Industrie grippée, tourisme au ralenti, inflation en hausse et comptes publics en baisse: trois mois après la chute du président Hosni Moubarak, l'état préoccupant de l'économie égyptienne pousse Le Caire à solliciter l'aide internationale.
Ces difficultés, sur fond de fortes attentes sociales, de poussées de violence interconfessionnelle et d'incertitudes politiques, alimentent les craintes pour la transition démocratique promise.
"Les manifestations, de même que les grèves dans un grand nombre d'entreprises du secteur public après la révolution ont ralenti la production, affaibli la productivité et réduit les revenus de nombreuses compagnies", souligne Rachad Abdo, professeur d'économie à l'Académie Sadate.
Le gouvernement, qui vient de faire parvenir une demande officielle de prêt au Fonds monétaire international (FMI), estime entre 10 et 12 milliards de dollars les besoins de financement de la part de la communauté internationale d'ici mi-2012, dont la moitié environ de la part du FMI et de la Banque mondiale.
L'Egypte est également invitée, ainsi que la Tunisie, à participer fin mai au G8 de Deauville (France) qui doit adopter des plans d'actions pour soutenir la transition vers la démocratie dans ces deux pays pionniers du "printemps arabe".
Dans le cas de l'Egypte, pays le plus peuplé de cette région avec quelque 84 millions d'habitants -dont la moitié vit avec moins de deux dollars par jour- le défi est considérable.
Selon le ministère de l'Economie, l'économie tourne à 50% de sa capacité et les exportations ont chuté de 40% depuis janvier. Les grèves auraient à elles seules coûté 1,1 milliard de dollars au budget.

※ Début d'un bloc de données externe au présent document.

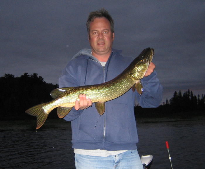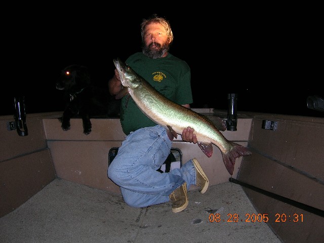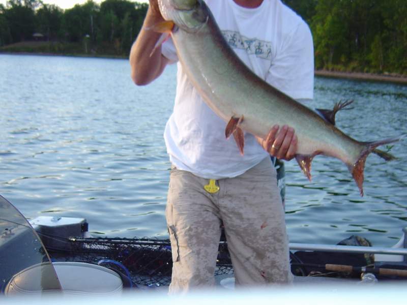 Was up on the Chip fishing in the PMTT, didn't catch any during tourny hours. Moved a lot of fish on Thursday and Friday, my partner caught a 34.5" Tiger on Friday. My 8 year old nephew, Cole Hefty, caught his first musky a 29". Sunday night I went out after the tourny and boated a very chunky flowage fish. 44" x 20.5" on a BS Willy globe. I had a much bigger fish follow 30 minutes later and I had one short hit the globe that I messed up and set when I should have just kept reeling, I was a little jacked up from the 44". I got on the radio to my brother in law, who did catch one during the tourny, and let him know the fish where going crazy. He called me back five minutes later and said Cole lost a 40" class fish on a pacemaker. The fish jumped totally out of the water three times and got off after the third jump. Cole was making so much noise when he was fighting the fish a group of people on shore heard him. He was so excited he didn't care that the fish got off, he was just so happy to have encountered that fish.
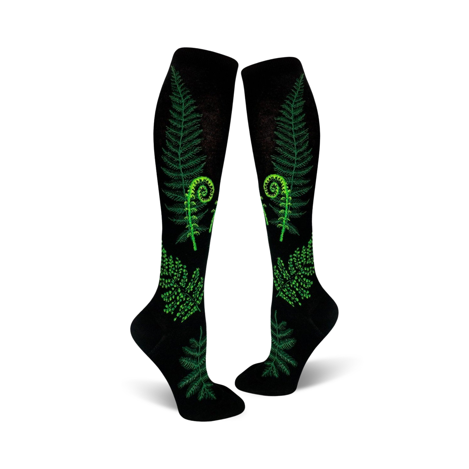 Ferns & Fiddleheads knee-high socks for women are totally groovy! Each sock features a whimsical pattern of green ferns and fiddleheads dancing up the leg. You'll feel like you're walking in the forest, even if you're just commuting to work. Show off your love of nature with these fun and funky socks!

Le secteur vital du tourisme, autrefois en pleine expansion, est frappé de plein fouet, avec 2,27 milliards de dollars de recettes perdues depuis le début de l'année.
Alors que les visiteurs commençaient, à grand renfort de rabais, à revenir en Egypte, les récents affrontements entre musulmans et chrétiens au Caire ont fait à nouveau chuter les réservations, a admis le ministre du Tourisme, Mounir Fakhri Abdel Nour.
L'inflation a atteint le chiffre de 12,1% en tendance annuelle en avril, son plus haut niveau depuis mars 2010. Une situation lourde de menaces sociales, due notamment à l'envolée des prix des denrées alimentaires (+21% en glissement annuel), en particulier les fruits et les légumes (+52%).
Le FMI a estimé en avril que la croissance égyptienne devrait tomber à 1% cette année, contre 6% espérés avant les événements de janvier et février. L'Institut de la finance internationale, groupe de grandes banques de 70 pays, a quant à lui estimé que le produit intérieur brut du pays pourrait chuter de 2,5%.
Le ministre des Finances, Samir Radwan, s'est toutefois voulu confiant pour le long terme, lors d'une récente intervention publique.
"Malgré les pertes, les bases de l'économie égyptienne restent fortes, et ce qui a été réalisé avec la révolution en termes de vraies réformes démocratiques surpasse les manques à gagner et leurs conséquences", a-t-il déclaré.
M. Radwan s'est notamment déclaré confiant dans les investissements venant de pays du Golfe, en particulier du Qatar et d'Arabie saoudite.
Mais les fortes attentes sociales des Egyptiens risquent de continuer de peser sur les finances publiques, dans un pays qui consacre déjà une grande partie de son budget à subventionner des produits de base comme le pain.
Pour Khaled Ali, du Centre égyptien pour les droits économiques et sociaux, "il faudrait revoir le budget pour relancer l'éducation, la santé, la protection sociale et augmenter les salaires".
Il faut désormais "donner aux travailleurs égyptiens les moyens d'une vie digne", estime-t-il.